* _The task_: Where the data below begins, start duplicating lines exactly, and finish with the line containing "The sliding door"; add nothing else. Leave the pictures out.

* _Data_:

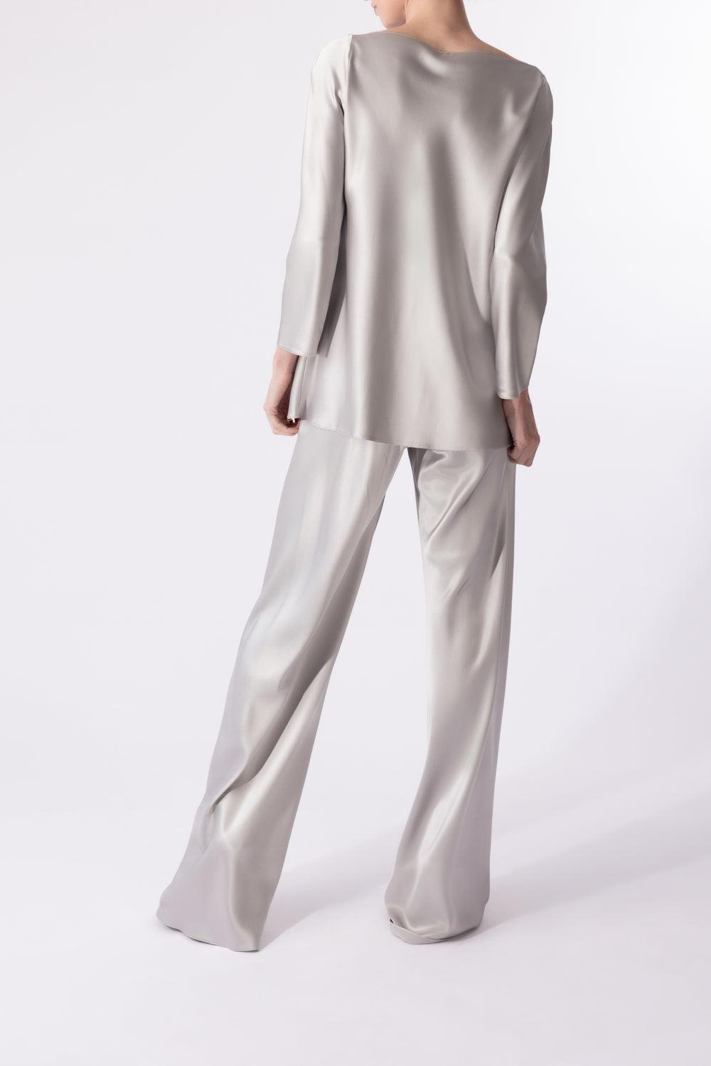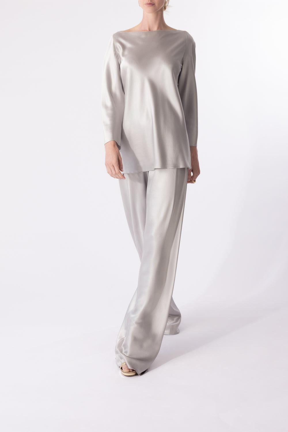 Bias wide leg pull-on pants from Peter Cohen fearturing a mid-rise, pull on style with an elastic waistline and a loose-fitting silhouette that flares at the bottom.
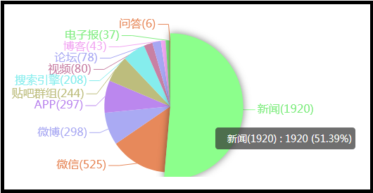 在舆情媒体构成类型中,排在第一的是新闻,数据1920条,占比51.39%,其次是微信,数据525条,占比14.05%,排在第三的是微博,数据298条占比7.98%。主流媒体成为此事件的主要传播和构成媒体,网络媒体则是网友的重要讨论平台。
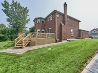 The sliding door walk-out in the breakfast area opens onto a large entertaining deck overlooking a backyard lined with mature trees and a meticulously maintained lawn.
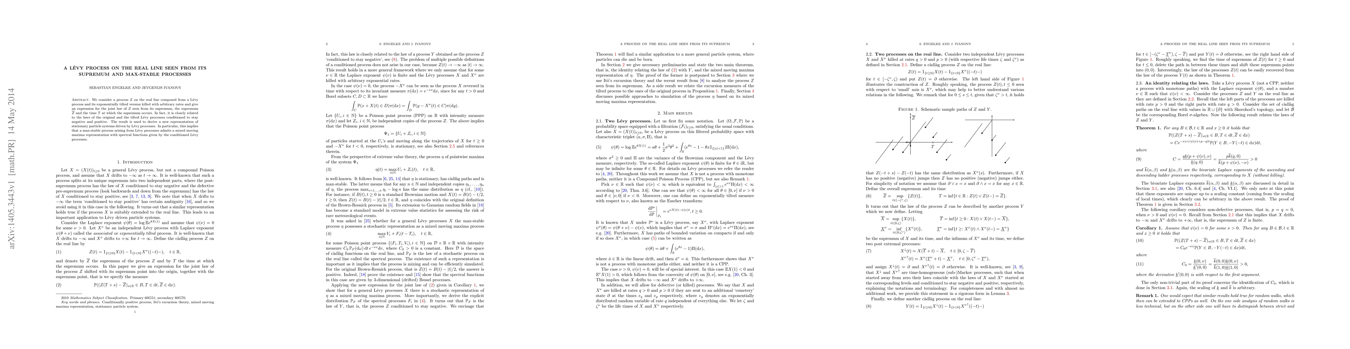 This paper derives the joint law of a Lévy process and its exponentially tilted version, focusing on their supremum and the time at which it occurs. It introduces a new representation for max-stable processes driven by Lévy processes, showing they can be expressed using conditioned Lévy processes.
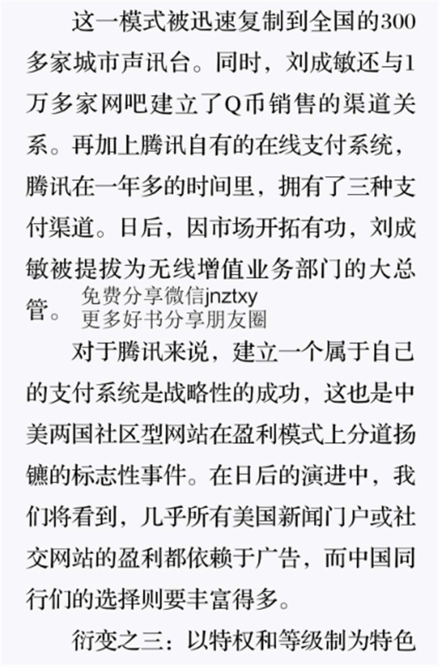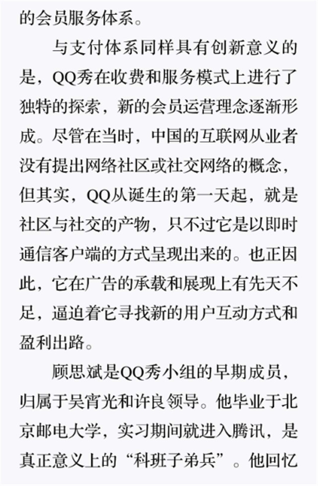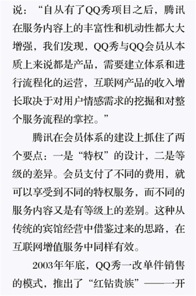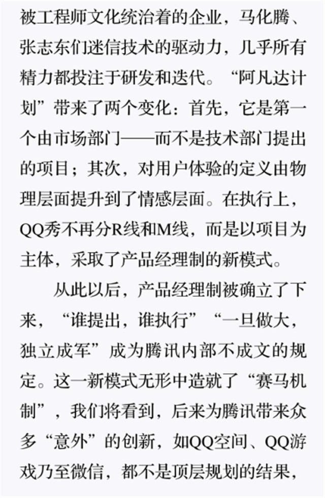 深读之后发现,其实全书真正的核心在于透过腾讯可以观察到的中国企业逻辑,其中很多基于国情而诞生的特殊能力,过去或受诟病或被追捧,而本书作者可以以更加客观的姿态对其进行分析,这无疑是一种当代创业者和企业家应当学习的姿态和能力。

* _Exercise result_:
 Bias wide leg pull-on pants from Peter Cohen fearturing a mid-rise, pull on style with an elastic waistline and a loose-fitting silhouette that flares at the bottom.
 在舆情媒体构成类型中,排在第一的是新闻,数据1920条,占比51.39%,其次是微信,数据525条,占比14.05%,排在第三的是微博,数据298条占比7.98%。主流媒体成为此事件的主要传播和构成媒体,网络媒体则是网友的重要讨论平台。
 The sliding door walk-out in the breakfast area opens onto a large entertaining deck overlooking a backyard lined with mature trees and a meticulously maintained lawn.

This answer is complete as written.